Instead we use ‘;’ to end the SQL expression:

apply(select * from sys.ipe_user; printRow) – Note use of ; to end SQL

Of particular use while debugging scripts is the form:

– any expression of the form print(<sql query>), e.g.
print(select * from sys.ipe_user) 

which outputs the formatted query results to Kognitio Console “Script Variables” pane.

Lua lfs module

The Lua File System module adds common file system manipulation commands to Lua. The lfs module is adapted from the Kepler project  and offers a portable way to access the underlying directory structure and file attributes.

lfs.attributes (filepath [, aname | atable])

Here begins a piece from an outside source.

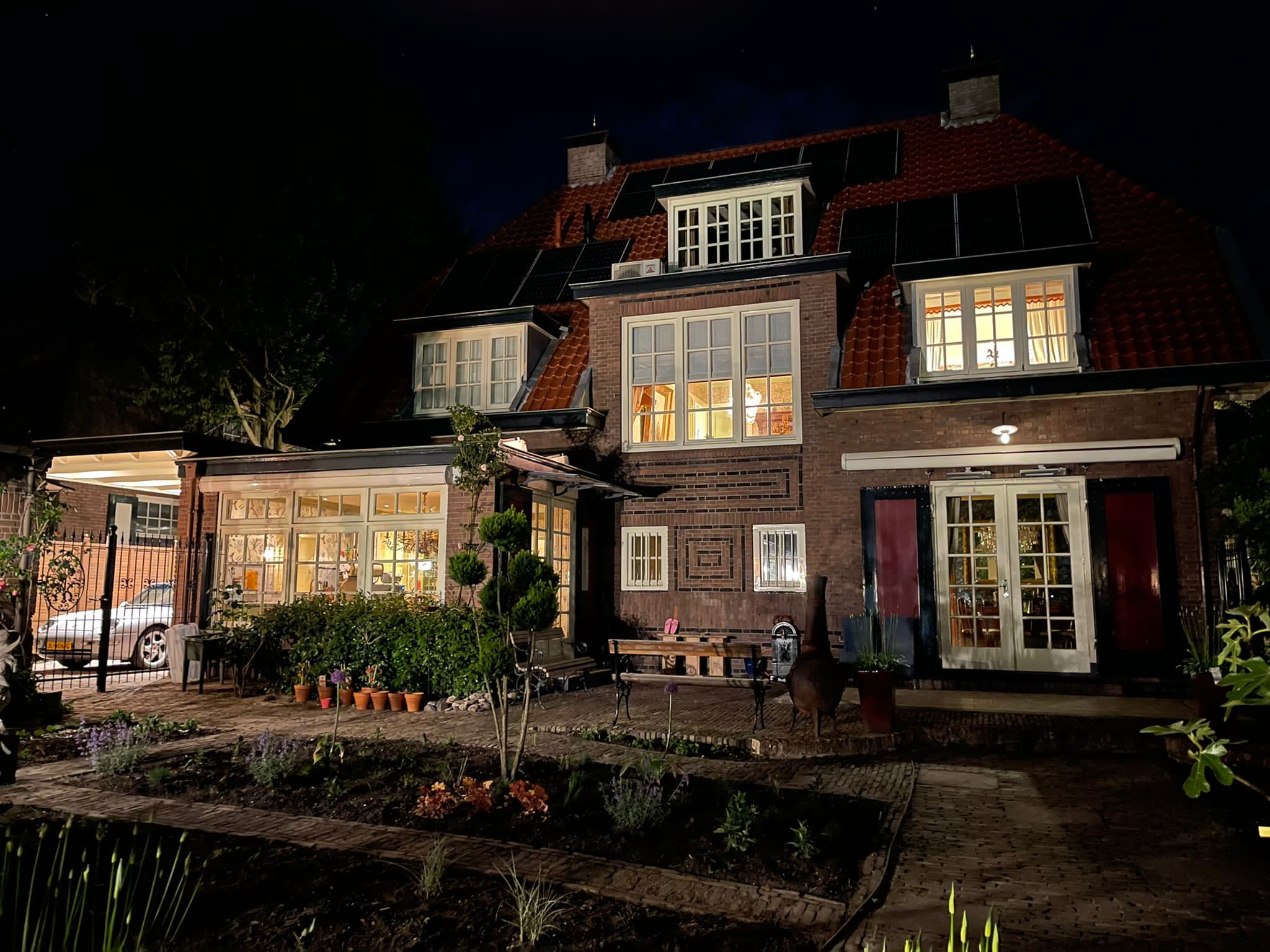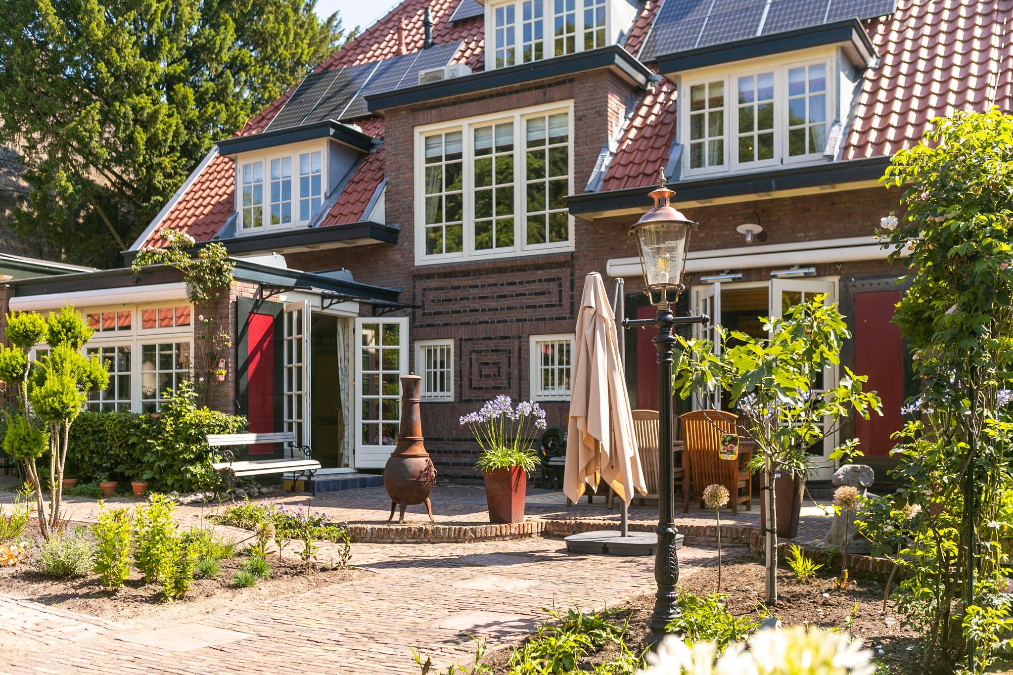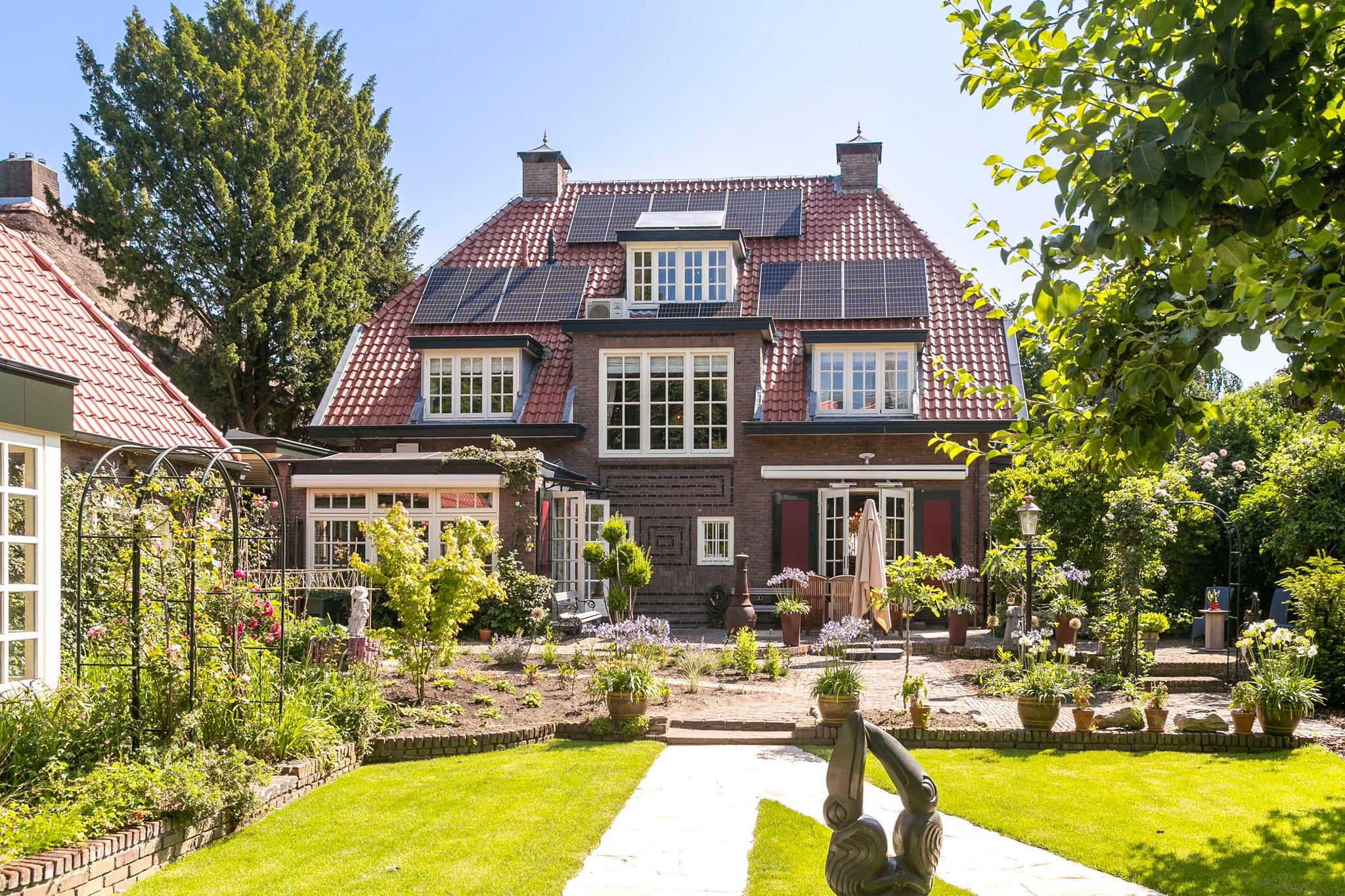 Onder architectuur gebouwd in romantische stijl gerenoveerd en uitstekend onderhouden royale vrijstaande villa uit 1926. Met in 2005 gebouwd vrijstaand fraai in dezelfde sfeer uitgevoerd bouwwerk waarvan in ondergebracht een verwarmd zwembad, toilet met fontein, sauna, openslaande deuren naar de schitterend aangelegde achtertuin op het zuidwesten met diverse terrassen, grenzend aan voormalige garage, waarin nu garderobe, elektrische zonneboiler, tuingereedschap, fietsenberging met zolder aanwezig zijn. Dit vrijstaand bouwwerk kan gemakkelijk omgevormd worden tot praktijk aan huis, kantoor, atelier of semi zelfstandige woon- slaapunit voor familielid van 75 m2 (binnenmaat) exclusief alle bergingsruimten van ongeveer 12,5m2 (binnenmaat) plus vliering van 18m2 (binnenmaat). Er zijn 2 buitenkranen, 2 buitenstopcontacten en een elektrische terrasverwarming aanwezig. Het platte dak deel is voorzien van zonnecollectoren. De twee zonneschermen zijn elektrisch bedienbaar.

Returns a table with the file attributes corresponding to filepath (or nil followed by an error message in case of error). If the second optional argument is given and is a string, then only the value of the named
attribute is returned (this use is equivalent to
 lfs.attributes(filepath)[aname], but the table is not created and only one attribute is retrieved from the O.S.). if a table is passed as the second argument, it is filled with attributes and returned instead of a new table. The attributes are described as follows; attribute mode is a string, all the others are numbers, and the time related attributes use the same time reference of os.time:

dev

on Unix systems, this represents the device that the inode resides on. On Windows systems, represents the drive number of the disk containing the file

ino

on Unix systems, this represents the inode number. On Windows systems this has no meaning

mode

string representing the associated protection mode (the values could be file, directory, link, socket, named pipe, char device, block device or other)

nlink

number of hard links to the file

uid

user-id of owner (Unix only, always 0 on Windows)

gid

group-id of owner (Unix only, always 0 on Windows)

rdev

on Unix systems, represents the device type, for special file inodes. On Windows systems represents the same as dev

access

time of last access

modification

time of last data modification

change

time of last file status change

size

file size, in bytes

permissions

file permissions string

blocks

block allocated for file; (Unix only)

blksize

optimal file system I/O blocksize; (Unix only)

This function uses stat internally thus if the given filepath is a symbolic link, it is followed (if it points to another link the chain is followed recursively) and the information is about the file it refers to. To obtain information about the link itself, see function lfs.symlinkattributes.

lfs.chdir (path)

Changes the current working directory to the given path.

Returns true in case of success or nil plus an error string.

lfs.currentdir ()

Returns a string with the current working directory or nil plus an error string.

iter, dir_obj = lfs.dir (path)

Lua iterator over the entries of a given directory. Each time the iterator is called with dir_obj it returns a directory entry’s name as a string, or nil if there are no more entries. You can also iterate by calling dir_obj:next(), and explicitly close the directory before the iteration finished with dir_obj:close(). Raises an error if path is not a directory.

lfs.link (old, new[, symlink])

Creates a link. The first argument is the object to link to and the second is the name of the link. If the optional third argument is true, the link will by a symbolic link (by default, a hard link is created).

lfs.lock (filehandle, mode[, start[, length]])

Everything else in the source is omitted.